1959 would be Parker's last full season as a racing driver. A number of his rivals from previous series had moved to other categories but his experience enabled him to compete effectively against a new set of younger drivers. He won again at Snetterton, took two wins at Brands Hatch and further wins at Oulton Park and Crystal Palace. Several other podium finishes yielded his third Formula Three title. He retired shortly after the season ended.

Parker received offers from Lotus and Lister to race in other categories but declined them as he lacked confidence in his own abilities. He also occasionally competed in the British Saloon Car Championship using the cars he used to tow his Formula Three racers. Despite them being road cars and un-modified, he still achieved race wins.

==Personal life==

Parker's childhood was unconventional in that his education was often interrupted by calls to assist in his father's horse-trading business and he left home at the age of 12, eventually finding his way into the engineering industry.

Parker met his second wife Dora at Goodwood in 1951, when she was still in her teens. Despite the age difference, they married when she became 21 and remained together until Parker's death. They had two daughters.

In 1959, whilst still an active driver, Parker began to manufacture trailers which were used by multiple teams in subsequent seasons.

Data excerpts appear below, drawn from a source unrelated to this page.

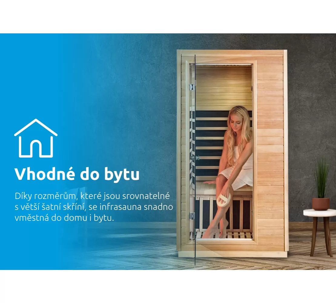 • Malé rozměry dovolují infrasaunu umístit v rodinném domě i prostornějším bytě.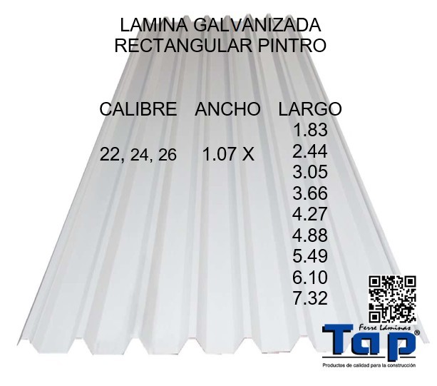 - LAMINA GALVANIZADA RECTANGULAR PINTRO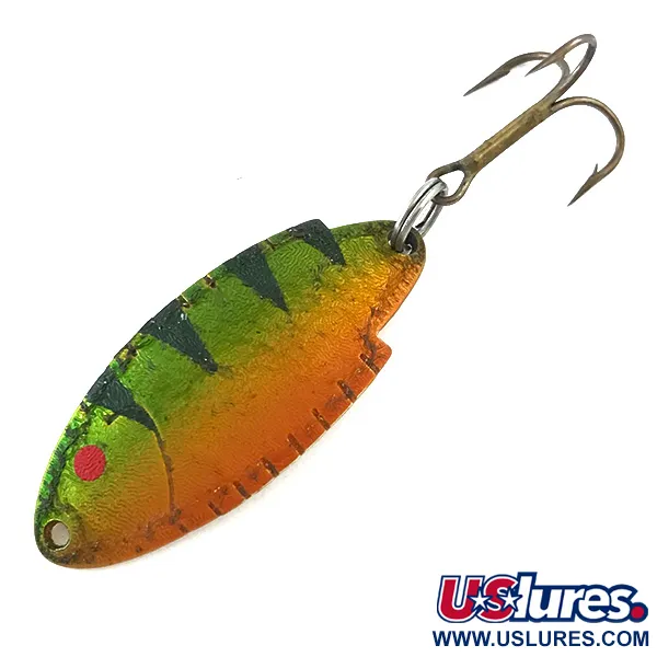 Tato plandavka o hmotnosti 5g (3/16oz) se vyznačuje klasickým tvarem lžíce, díky němuž jsou nástrahy Thomas po desetiletí základem pro lov pstruhů. Výrazný nátěr Fire Tiger je aplikován na texturovaný povrch přední strany s přechodem ze zelené do oranžové, doplněný výraznými svislými pruhy a jedním červeným okem. Zadní strana je v provedení leštěného zlata, s jasně vyraženou značkou Thomas, názvem modelu Buoyant a označením T101. Při délce 4cm (1 1/2") profil přesně odpovídá malé nástražní rybce, což z ní činí univerzální volbu pro nahazování v potocích i jezerech. Tato plandavka vyrobená v USA, vedená pod kódem 5359, zůstává ve stavu 5/5, přičemž háček i kroužky jsou ve výjimečně zachovalém stavu. Tvar nástrahy využívá mírně klenuté tělo určené pro nahazování a přitahování v různých sladkovodních prostředích.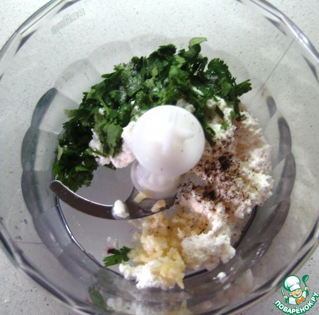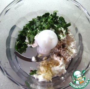 В чашу блендера положить творог, зелень кинзы, давленный чеснок, сок половинки лимона, соль и душистый перец по-вкусу. Все хорошенечко взбиваем до однородности.
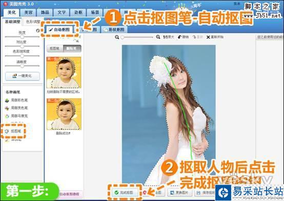 1、在“美圖秀秀”軟件下打開照片。點擊“摳圖筆”,選擇“自動摳圖”摳取人物后,點擊“完成摳圖”按鈕。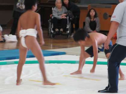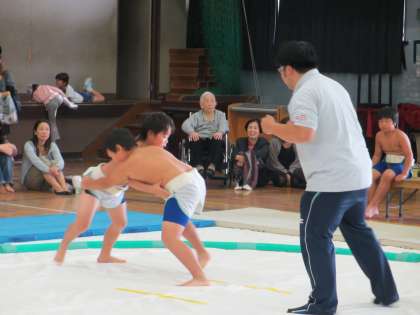 10月27日(土)に太秦小学校で全市部活動交流会(相撲の部)がおこなわれました。低学年(1年〜3年生)は,体育館のマット土俵で,力いっぱいがんばりました。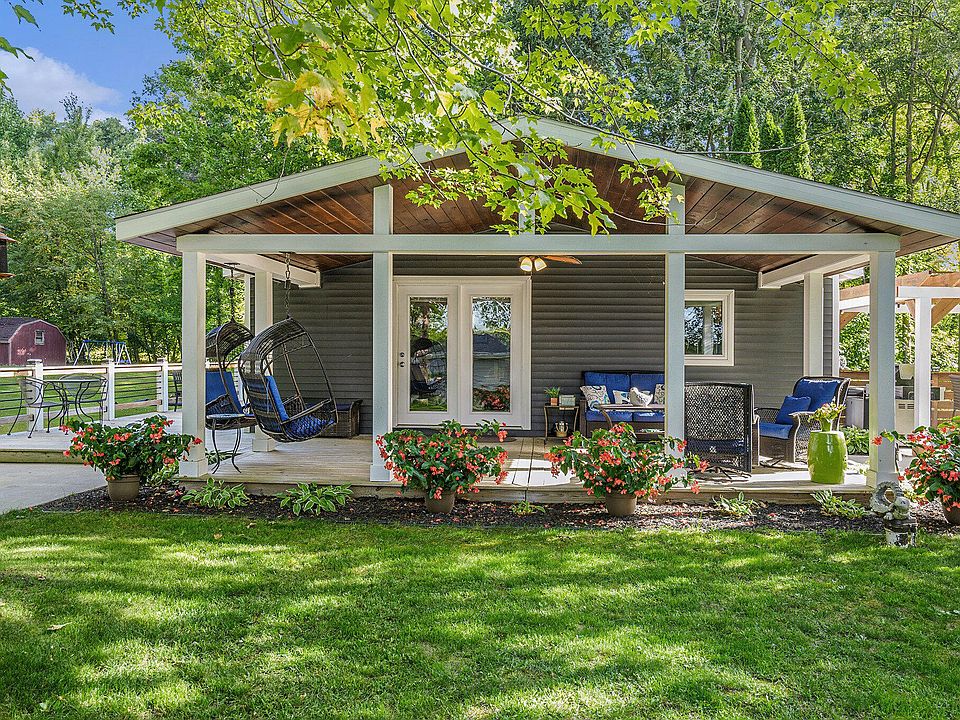 Totally renovated bungalow on private 1/2 acre lot offers all the benefits of living on South Scott Lake without the expense! Seconds from the association amenities which includes picnic area, bathrooms, playground and lakefront sandy beach. Only $75/year! With 17 properties, it's like having your own beach! Front porch boasts views of the lake and glass doors that welcome you into this beautiful open concept home. Kitchen with adorable coffee bar and large center island opens to comfortable living space with fireplace. Primary bedroom offers 2 walk-in closets. Renovated bath includes stackable washer/dryer. 2nd bedroom serves as a den. Outdoor space is amazing! Side deck, side patio with pergola, basketball court, and firepit. Shed, lean to and tent offers room for extra storage! Nestled between North and South Scott Lake with road frontage on both Leedy Point and Broadway, the possibilities for expansion are endless! Perfect for year round or part time. Plan your escape today!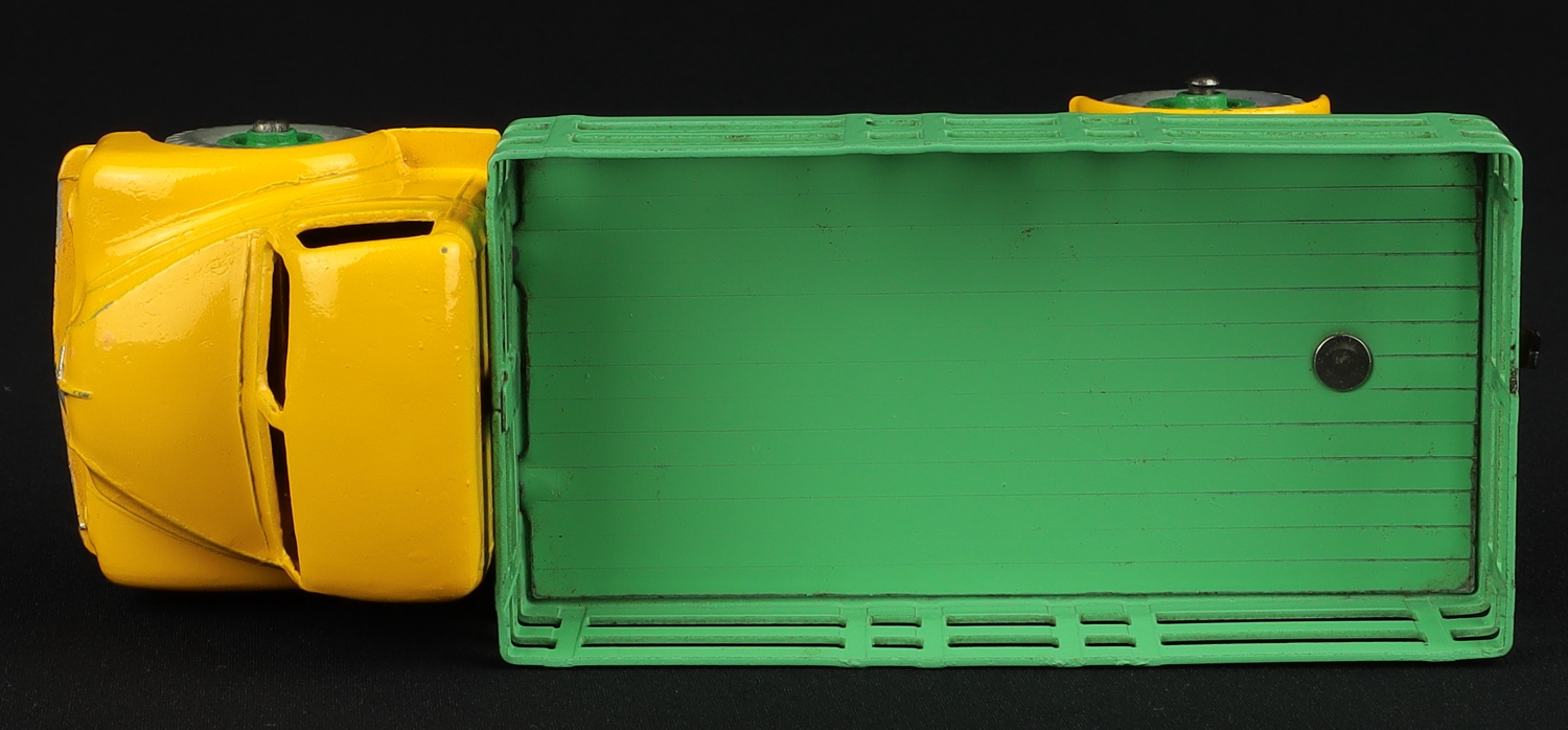 This scarce late rivetted issue is finished in yellow with a pale green back and mid green hubs. Well-shaped grey tyres. Harder version to find. This Leyland Comet Lorry model presents very well.

Don Parker died on 20 May 1997, aged 88, from prostate cancer.

==Racing record==

===Complete British Saloon Car Championship results===
(key)

| Year | Team | Car | Class | 1 | 2 | 3 | 4 | 5 | 6 | 7 | 8 | 9 | DC | Pts | Class |
| 1958 | Don Parker | Jensen 541 | D | BRH 4† | BRH | MAL | BRH | BRH | CRY | BRH | BRH 3 | BRH 7 | ? | ? | ? |
| 1960 | Don Parker | Jaguar XK150 | GT +1600cc | BRH | SNE | MAL | OUL 1* | SNE | BRH | BRH | BRH |  | NC* | 0* |  |
Source:

† Events with 2 races staged for the different classes.

- Car over 1000cc - Not eligible for points.